# Bruce Lee Plays Ping Pong with Nunchuka



## Terrormaster (Sep 27, 2007)

A shame the man died, he truly was awesome.


----------



## RoxyBlue (Oct 6, 2008)

That's pretty amazing.

One of my brothers tried to show me how good he was with nunchuks once. He smacked me up side the head by accident. Needless to say, he was not nearly as good as Bruce Lee.


----------



## sharpobject (May 7, 2008)

Very impressive.


----------



## Spooky1 (Aug 25, 2008)

Amazing, I wouldn't have believe it, if I hadn't seen it.


----------



## Brad Green (Jul 29, 2004)

No small wonder why, over 30 years after his death, you still can't pick up a martial arts magazine that doesn't have at least one Bruce Lee picture or article in it.

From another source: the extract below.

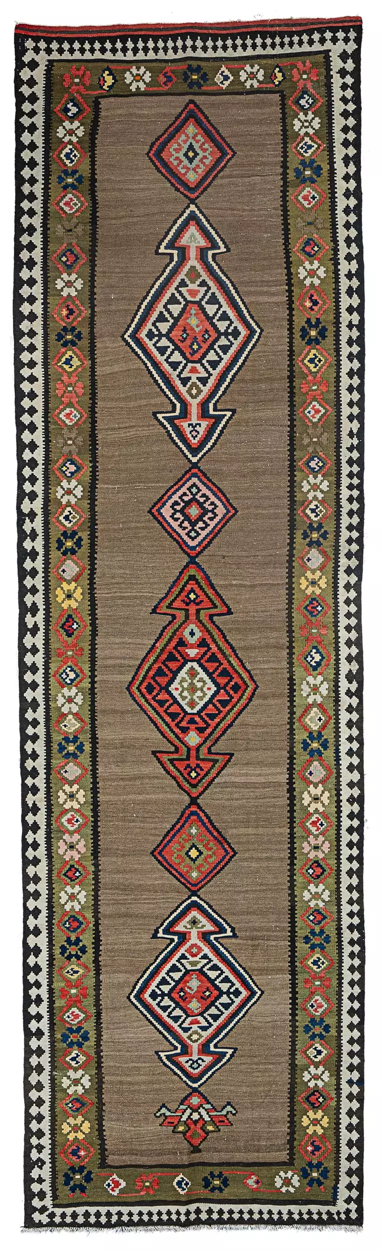 Antique Azerbijan Kilim Runner 1920s 574 x 110cm (18.8′ x 3.6′)

The guy was freakin amazing!


----------



## Revenant (Mar 17, 2007)

I've read that in his movies he had to slow his movements down so the camera could get them... his punches were so fast that a regular 24fps camera would only capture a blur and you couldn't actually see his arm move


----------



## pyro (Oct 7, 2006)

Revenant said:


> I've read that in his movies he had to slow his movements down so the camera could get them... his punches were so fast that a regular 24fps camera would only capture a blur and you couldn't actually see his arm move


this is true--


----------



## Sickie Ickie (Jun 20, 2006)

Frickin' Amazing!


----------